This project was started because my theater space wasn't good enough for sound. I also decided to improve the already dark space by using black velvet for the walls and ceiling to make it even darker than it already was. I reconfigured the room so that I could put the projector in an adjacent room to keep the theater space quieter and cooler.

The old treatments have been removed here and a hole cut in the wall for the projection chamber. The bi-fold door and frame for the pocket door wait to be installed.











I never used my fireplace once, so sacrificing it for the new screen wall was a no-brainer. Note that the home builder must have been Irish, the only explanation for the green mortar.

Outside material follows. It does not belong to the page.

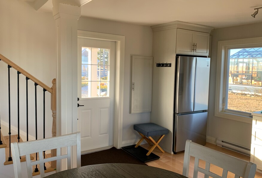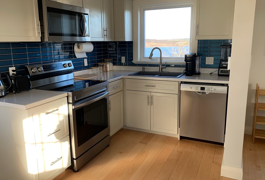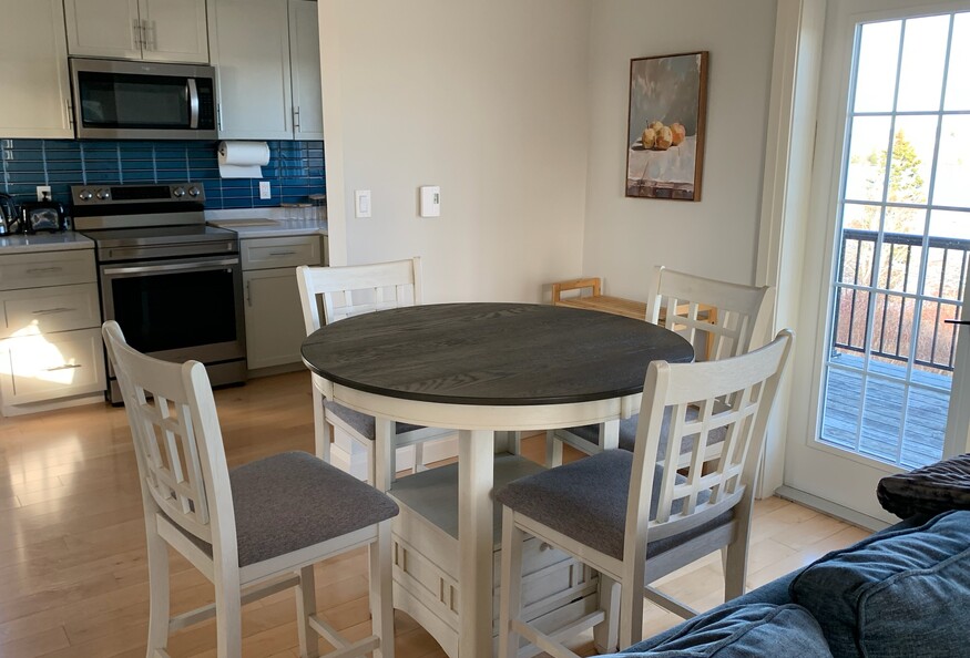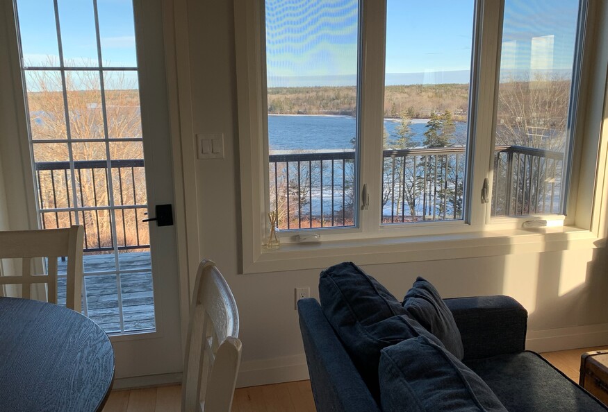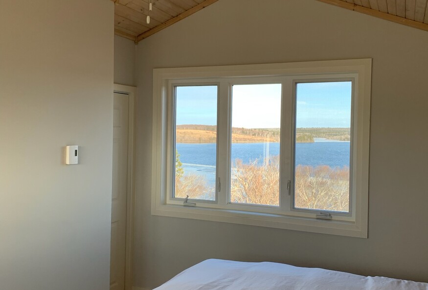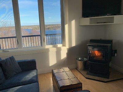 It's all about the view! Beautiful bright, private, fcottage overlooking Darlings Lake. Recently renovated, the first floor is open concept containing a small kitchen, dining area, living area and powder room. The kitchen includes a Keurig pressure coffee maker, blender, kettle, dishwasher, stove, microwave, full size fridge and treated well water from a drilled well. The living area has a couch, tub chair, trunk coffee table, pellet stove and smart tv. Upstairs is a queen size bed, closet and full bath with walk in shower and heated floor. There are gorgeous views everywhere, nice enough that we have not put up window coverings to interfere with the beautiful nature which surrounds you. Outside, there is plenty of parking and a balcony. Electric heat and pellet stove heat for the winter, and no air conditioning in the summer as there is almost always a good cross-breeze and a ceiling fan in the bedroom.

The pocket door and projection chamber frame are in.




A 2x4 framework goes up for the sound treatments and velvet.





Goodbye fireplace. I barely knew you.



The projection chamber takes shape in the other room.

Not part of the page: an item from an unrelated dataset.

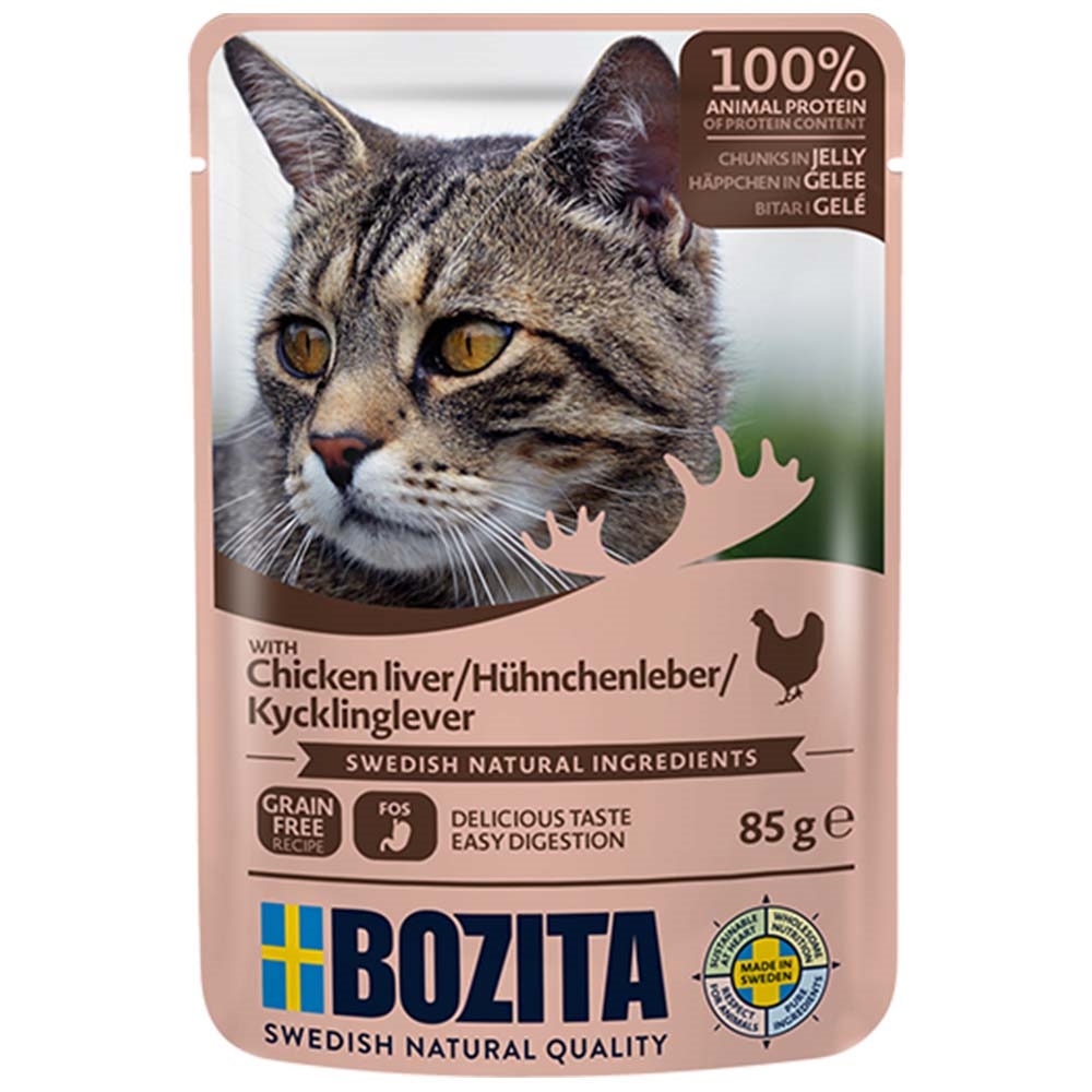 Bozita helfoder för katter bestående av smakrika bitar med kycklinglever i gelé. Ett mycket välsmakande och läckert foder för alla typer av katter, även de kräsna.

The right surround speaker (GoldenEar Invisa 650).



Glass block windows 7" deep are filled with insulation, joining other insulation for dampening low frequency sounds.



The projection chamber opens up into a dead space in the middle of the house, which in turn will become an exhaust for hot air and sound into the basement.

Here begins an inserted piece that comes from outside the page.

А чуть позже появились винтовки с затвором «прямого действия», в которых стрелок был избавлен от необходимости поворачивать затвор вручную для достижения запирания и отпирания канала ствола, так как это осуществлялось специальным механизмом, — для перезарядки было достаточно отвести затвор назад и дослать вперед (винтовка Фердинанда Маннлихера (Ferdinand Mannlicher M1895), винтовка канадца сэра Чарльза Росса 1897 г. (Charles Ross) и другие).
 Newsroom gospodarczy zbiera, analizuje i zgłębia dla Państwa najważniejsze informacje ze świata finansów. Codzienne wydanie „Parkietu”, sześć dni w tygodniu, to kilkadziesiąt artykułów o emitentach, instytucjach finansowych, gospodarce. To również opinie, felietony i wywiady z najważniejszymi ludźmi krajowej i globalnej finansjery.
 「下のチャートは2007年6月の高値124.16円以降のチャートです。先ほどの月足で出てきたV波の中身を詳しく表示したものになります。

The Holmes exhaust fan has two fans that can be turned off independently, and whose air flow can be reversed. It's thermostatically controlled (for going on when temps hit 60, 65, 70, 75, or 80 degrees) - $40 at Target.



More insulation for the area around the fireplace.



Shutters for the window.



The drop ceiling goes up. Each standard Armstrong acoustical panel has black velvet cut and stapled on the back (SyFabrics triple black velvet, available online, ceiling panels from Lowes).



Eight recessed LED lights are arranged around the viewing area, out of the line of sight to the screen. Each light is 12 watts, and the system is controlled by an IR dimmer.



The screen wall is enclosed (and later painted black).






Fiberglass panels (recycled from the old space) fill the 2x4 framework to dampen sound.





The old carpet pad is removed, revealing hardwood floors. Beautiful as they are, they have to go.



The other room is painted and the projection chamber evolves. The vent cover will disappear later.



The carpet is installed by Lowes (Heyday, deepest plush). My friend Chris cleans up after some drilling and sanding.



Rope lights circle the room midway up the walls and run along the edge of the shuttered window.






The frame to make the opening in the projection chamber window smaller and more light tight is built in two parts - a simple box filled with insulation on top and a "horn" with a tilted slot that houses the waterwhiteglass.com glass. It's 8" square and 1/4" thick, costing $80. It's highly transmissive and non-reflective.







The Holmes fan is installed and ready to cool the projection chamber. Insulation dampens the sound from the space.



A new DVD/Blu-ray shelf is attached to the wall. It holds a fraction of the collection, most of which is on a server in the basement.



New seating and the only non-black items in the room (chocolate brown leather recliners from the "old room"). The Invisa surround speaker covers are not yet painted flat black.






The Holmes fan opens into the basement, exhausting hot air so that none of it reaches the main room or the projection chamber room.



The finished projection chamber window.



GoldenEar Triton Two speakers are the mains. Triton Seven's are Audyssey wides. The GoldenEar SuperCenter XL is not shown.



The Invisa 650 grill painted flat black. Flat black paint is the "brightest" thing in the home theater. Glossy black paint appears even darker to the naked eye.





The new equipment rack is in the adjoining room. It has a piece of dark Lowes furnace filter cut for the space on the side with the oak trim, replacing the white vent. Another vent is in the top. Cool room air is pulled in by the Holmes exhaust fan inside the projection chamber.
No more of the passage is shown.